I'm new to this community (just stumbled upon it today) and I really want to join and get support from you all as well as support others.
I'm currently trying to "lose weight," (I put that in quotations because the number doesnt matter so much to me, I just wanna gain muscle and lose fat) because I gained 40lbs while on birth control. I went off it about a month ago, and my body is still acclimating to life without it again.
I'm (as of today after a meal) 240lbs and 6'1". I weighed 220 a few weeks ago (before starting my 4 days a week in the gym regimen) and was 180 before birth control.
I have fat in places I've never had fat in and my thighs and tummy are the worst. It makes me really sad to see my body this way, because I've been really trying to be healthy for 2 years now. I started really watching what I put into my body a year before I went on birth control and I was really happy, healthy, and full of energy. Now I'm really lethargic and have insomnia among a few other side effects of coming off of birth control.
I've really been working hard in the gym and trying to build muscle in my arms (they've always been the weakest part of my body), legs, and core, and I've been doing a good amount of cardio. I also walk a lot because of where I live.

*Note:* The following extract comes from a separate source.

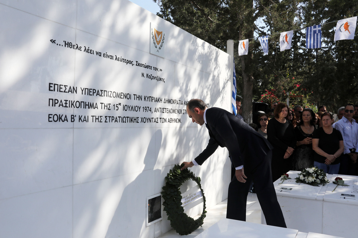 Ìå äéÜöïñåò åêäçëþóåéò ìíÞìçò êáé ôéìÞò ï êõðñéáêüò ëáüò ôéìÜ óÞìåñá áõôïýò ðïõ Ýðåóáí êáôÜ ôï ðñáîéêüðçìá ôçò 15çò Éïõëßïõ 1974 ãéá ôçí õðåñÜóðéóç ôçò äçìïêñáôßáò êáé ôçò íïìéìüôçôáò, Ëåõêùóßá, Êýðñïò, ÄåõôÝñá 15 Éïõëßïõ 2019. Óõìðëçñþíïíôáé öÝôïò 45 ÷ñüíéá áðü ôï ðñáîéêüðçìá êáôÜ ôïõ Áñ÷éåðéóêüðïõ Ìáêáñßïõ óôéò 15 Éïõëßïõ 1974, ìå åíôïëÞ ôçò ÷ïýíôáò ôïõ Éùáííßäç. ÁÐÅ-ÌÐÅ/ÊÕÐÅ/ÊÁÔÉÁ ×ÑÉÓÔÏÄÏÕËÏÕ

I know this contradicts what I said before about the number on the scale not mattering that much to me, but I just felt discouraged after I saw the scale today. To be fair, it was after a meal when I usually weigh myself in the morning on an empty stomach and I have been working to gain muscle. It just made me feel like I'm not meant to be fit, like I should just accept my fate and be sedentary. But I like the feeling exercise gives me (the endorphins!) and I really want to get back to the weight I was before.
Anyone else having setbacks this week?